§ Your task: Once the pictures are removed, restate the listing word for word.

§ Supplied records:
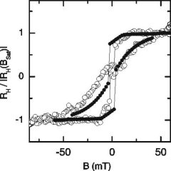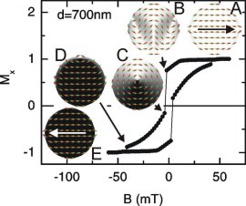 Im Bild oben ist die berechnete Hysterese einer Permalloy-Nanoscheibe gezeigt. Mit Hilfe der Streufeld-Messung unter Verwendung eines nanostrukturierten Hall-Sensors haben wir das Ummagnetisierungsverhalten auch experimentell studiert. Tatsächlich spiegelt die Hall-Kurve die Hysterese der ferromagnetischen Nanostruktur sehr detailliert wider. Es ist deshalb zu vermuten, daß die hergestellte Nanoscheibe über den sogenannten Vortex-Zustand (Zustand C im Bild oben) ummagnetisiert. Ein derartiger Magnetisierungszustand eignet sich als magnetischer Speicher, da im Umlaufsinn der mikroskopischen magnetischen Momente zwischen linksdrehend und rechtsdrehend unterschieden werden kann. Dies stellt zwei unterschiedliche Speicherzustände dar. Gleichzeitig ist das Streufeld nach außen sehr gering, wie die durchgeführte Hall-Messung zeigt.
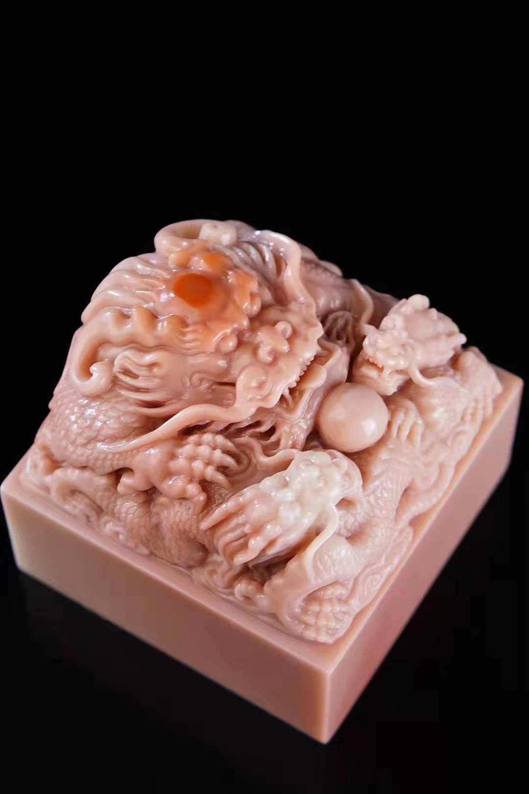 Tian Yellowstone Seal Shoushan Stone Seal Material Stone Pendulum Pieces Ya'an Green Handlebar Pieces Master Works Seal Engraving Name Badge
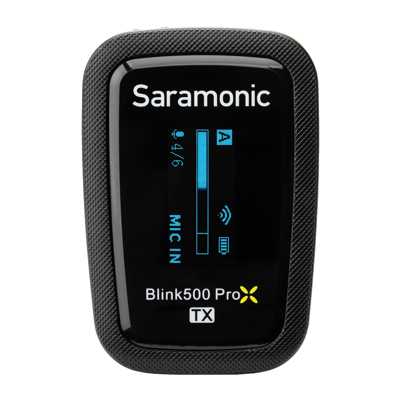 Nadajnik Saramonic ProX TX do systemu Blink500 ProX wyposażono w duży podświetlany ekran. Kontrola ustawień jest dzięki temu jeszcze wygodniejsza! Na wyświetlaczu sprawdzisz m.in. takie parametry jak naładowanie akumulatora, poziom wzmocnienia sygnału, zasięg oraz stan łączności.
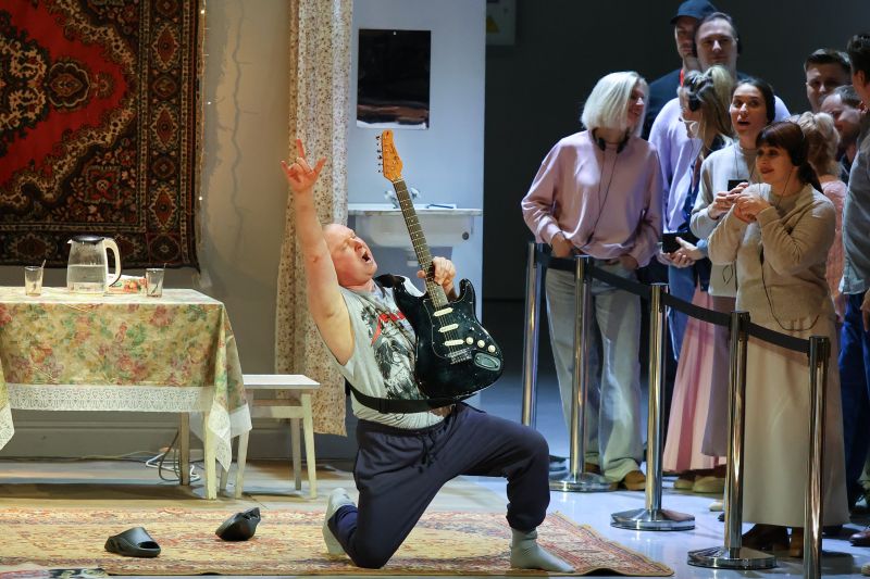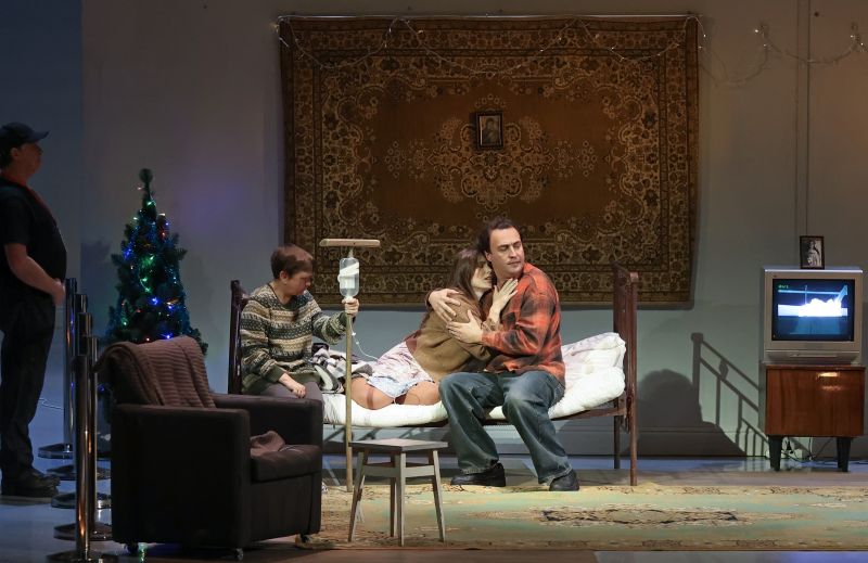 Побачиш ти на сцені й електриків, що порпаються з електрощитком, й чоловіка у футболці із надписом METALLICA, який голиться перед кривим дзеркалом. А у третій дії на стінах висять радянські килими, у кімнаті стоїть ліжко на металевих ніжках, стіл накритий клейонкою, а один із персонажів дивиться телевізор.
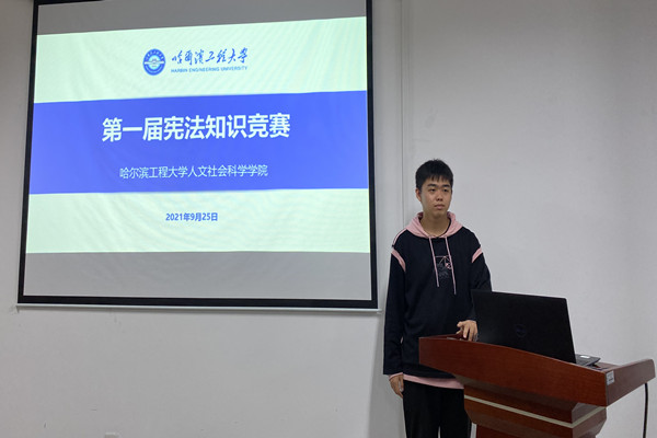 (宣传中心记者团记者 赵丰、王胤文报道)9月25日下午5时30分,哈尔滨工程大学“学宪法 讲宪法”系列比赛之宪法法治知识竞赛于主楼311室举办,学校多名同学踊跃参赛。本次竞赛由哈尔滨工程大学学生工作部主办,人文学院团委赛事中心承办。人文学院党委副书记曹景杰、法学系副教授刘沫茹、法学系教师陈斌出席并担任本次竞赛的评委。
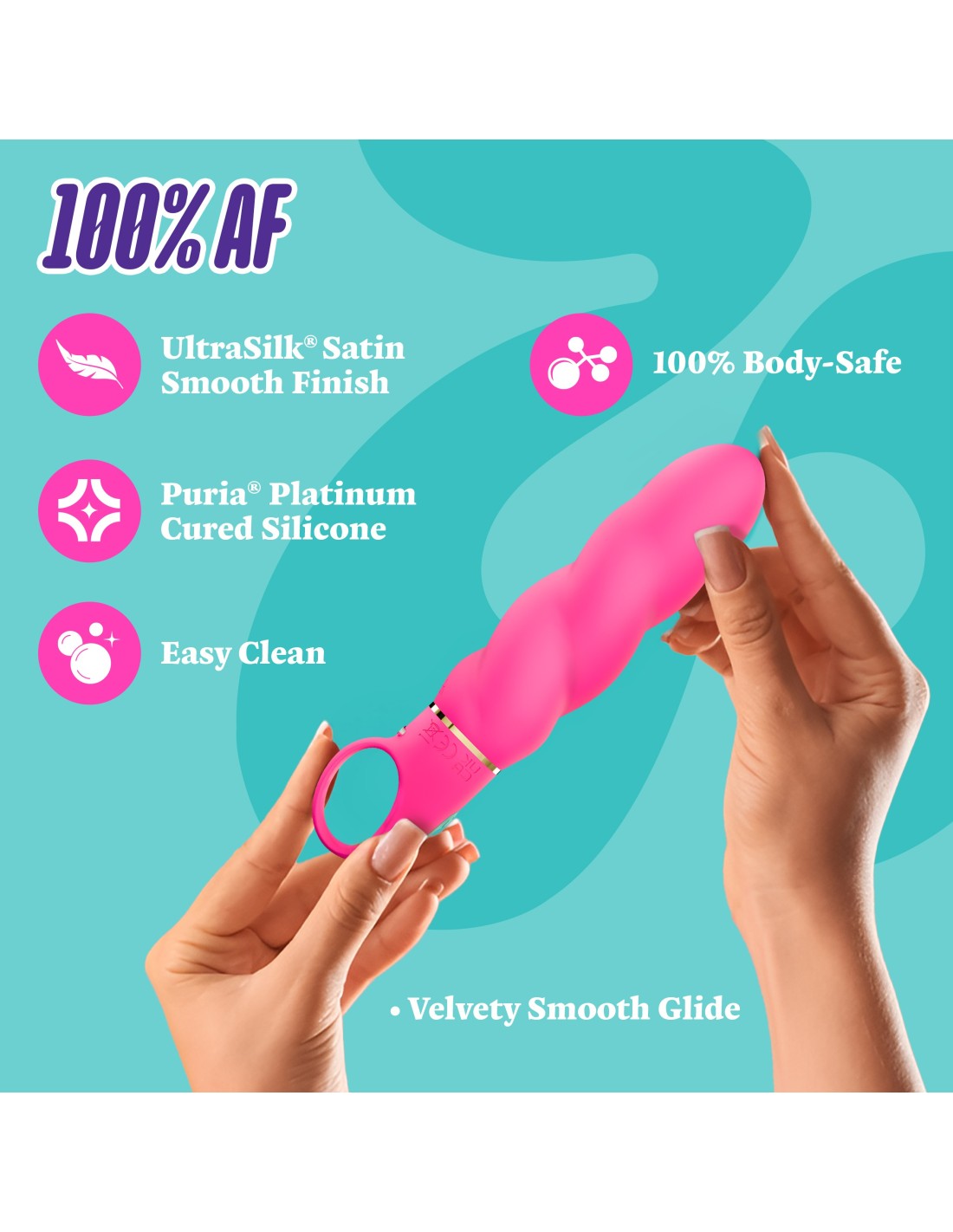 Beautiful and powerful, meet the Aria® Amazing AF. Featuring Blush’s signature RumboTech™ technology, this gorgeous vibrator offers 10 deep, rumbly vibration modes (5 Speeds & 5 Patterns), for a satisfying, full-body experience. The spiral-textured shaft adds visual appeal and smooth sensation, while the rounded head promotes deep, comfortable G-spot pleasure. The easy-grip loop handle provides comfort and control during every session, whether you're playing solo or with a partner. Crafted from Puria® platinum-cured silicone wrapped in UltraSilk®, Amazing AF is smooth, 100% body-safe, and feels amazing against the skin. It’s IPX7 waterproof for bath or shower play, and with magnetic USB charging, it’s always ready to deliver an experience that’s Amazing AF. Embrace the power of Aria!

§ Answer for this exercise:
 Im Bild oben ist die berechnete Hysterese einer Permalloy-Nanoscheibe gezeigt. Mit Hilfe der Streufeld-Messung unter Verwendung eines nanostrukturierten Hall-Sensors haben wir das Ummagnetisierungsverhalten auch experimentell studiert. Tatsächlich spiegelt die Hall-Kurve die Hysterese der ferromagnetischen Nanostruktur sehr detailliert wider. Es ist deshalb zu vermuten, daß die hergestellte Nanoscheibe über den sogenannten Vortex-Zustand (Zustand C im Bild oben) ummagnetisiert. Ein derartiger Magnetisierungszustand eignet sich als magnetischer Speicher, da im Umlaufsinn der mikroskopischen magnetischen Momente zwischen linksdrehend und rechtsdrehend unterschieden werden kann. Dies stellt zwei unterschiedliche Speicherzustände dar. Gleichzeitig ist das Streufeld nach außen sehr gering, wie die durchgeführte Hall-Messung zeigt.
 Tian Yellowstone Seal Shoushan Stone Seal Material Stone Pendulum Pieces Ya'an Green Handlebar Pieces Master Works Seal Engraving Name Badge
 Nadajnik Saramonic ProX TX do systemu Blink500 ProX wyposażono w duży podświetlany ekran. Kontrola ustawień jest dzięki temu jeszcze wygodniejsza! Na wyświetlaczu sprawdzisz m.in. takie parametry jak naładowanie akumulatora, poziom wzmocnienia sygnału, zasięg oraz stan łączności.
 Побачиш ти на сцені й електриків, що порпаються з електрощитком, й чоловіка у футболці із надписом METALLICA, який голиться перед кривим дзеркалом. А у третій дії на стінах висять радянські килими, у кімнаті стоїть ліжко на металевих ніжках, стіл накритий клейонкою, а один із персонажів дивиться телевізор.
 (宣传中心记者团记者 赵丰、王胤文报道)9月25日下午5时30分,哈尔滨工程大学“学宪法 讲宪法”系列比赛之宪法法治知识竞赛于主楼311室举办,学校多名同学踊跃参赛。本次竞赛由哈尔滨工程大学学生工作部主办,人文学院团委赛事中心承办。人文学院党委副书记曹景杰、法学系副教授刘沫茹、法学系教师陈斌出席并担任本次竞赛的评委。
 Beautiful and powerful, meet the Aria® Amazing AF. Featuring Blush’s signature RumboTech™ technology, this gorgeous vibrator offers 10 deep, rumbly vibration modes (5 Speeds & 5 Patterns), for a satisfying, full-body experience. The spiral-textured shaft adds visual appeal and smooth sensation, while the rounded head promotes deep, comfortable G-spot pleasure. The easy-grip loop handle provides comfort and control during every session, whether you're playing solo or with a partner. Crafted from Puria® platinum-cured silicone wrapped in UltraSilk®, Amazing AF is smooth, 100% body-safe, and feels amazing against the skin. It’s IPX7 waterproof for bath or shower play, and with magnetic USB charging, it’s always ready to deliver an experience that’s Amazing AF. Embrace the power of Aria!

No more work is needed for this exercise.